NEW YORK NURSE: April 2011
by Erin Silk
Facility-based nurse preceptor programs are gaining recognition for retaining capable new nurse graduates and encouraging critical thinking skills. Preceptors are nurse staff volunteers who have the desire to mentor and the training to provide a good experience for new nurses. Because of the numbers of experienced nurses who are retiring, nurses fresh from their own orientations are being tapped to become preceptors. They are the trainers — but who trains and support them?

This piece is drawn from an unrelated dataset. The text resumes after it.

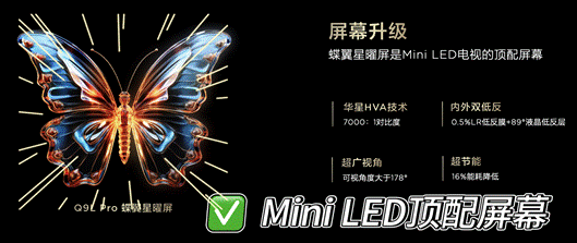 其中,T7L Pro系列Q9L Pro 系列搭載的蝶翼華曜屏,正是去年旗艦款Q10K Pro同款屏,對比度高達7000:1,是普通IPS屏的5倍,同時,它還配備了0.5%LR低反膜以及89°規則排布的液晶分子,實現內外雙低反,整體屏幕反射率僅1.8% 。哪怕在強光直射下,屏幕也不會反光“泛白”,畫面依舊清晰純凈,隨時隨地都能享受絕佳的視覺體驗。此外,T7L系列和Q9L系列搭載的萬象分區技術,從背光到成像,對發光芯片、透鏡技術、OD設計等7大環節的底層技術進行優化升級,實現了“一區頂多區”的控光效果,相比比普通分區強好幾倍,暗部深邃,亮部清晰,畫面細節滿滿,再也不用擔心光暈問題影響觀影體驗了。

At Maimonides Medical Center in Brooklyn, experienced preceptors and instructors are training new preceptors through the Maimonides Medical Center Partnership Preceptor Program: Core Curriculum for Clinical Coaching. The program, which held its first class last November, capitalizes on an internal nursing staff willing to bring new nurses up to speed, and management’s commitment to see it work.
The program at Maimonides was started with a grant from the not-for-profit nurse leadership coalition, Vermont Nurses In Partnership (VNIP). VNIP’s programs strive to “promote a workplace culture of nurture, support and professional growth for novice nurses or those in transition to a new specialty.” The aim of the train-the-trainer program at Maimonides is similar and offers a standardized training program and work plan for preceptor development and support at the facility. Trained Maimonides faculty members have voluntarily worked in collaboration with VNIP faculty of the NY College of Technology designing curriculum for the training program.
At the helm of the initiative was Veronica Richardson, NYSNA LBU Executive Committee chairperson at Maimonides. Richardson fought hard for the vision of a self-sustaining preceptor program and, although it had some high-level support, the idea was at first met with resistance from facility leadership. It took Richardson two years to convince senior leadership that there was no one better to train future preceptors than the nurses themselves.
In April 2009, a five-day VNIP train-the-trainer workshop funded by Maimonides’ NYSNA Staff Development Committee was hosted successfully at the facility with multiple NYSNA facilities invited to attend. From Maimonides, six NYSNA members - three staff nurses (from various clinical areas), two clinical instructors, and one nurse clinician - were chosen to participate.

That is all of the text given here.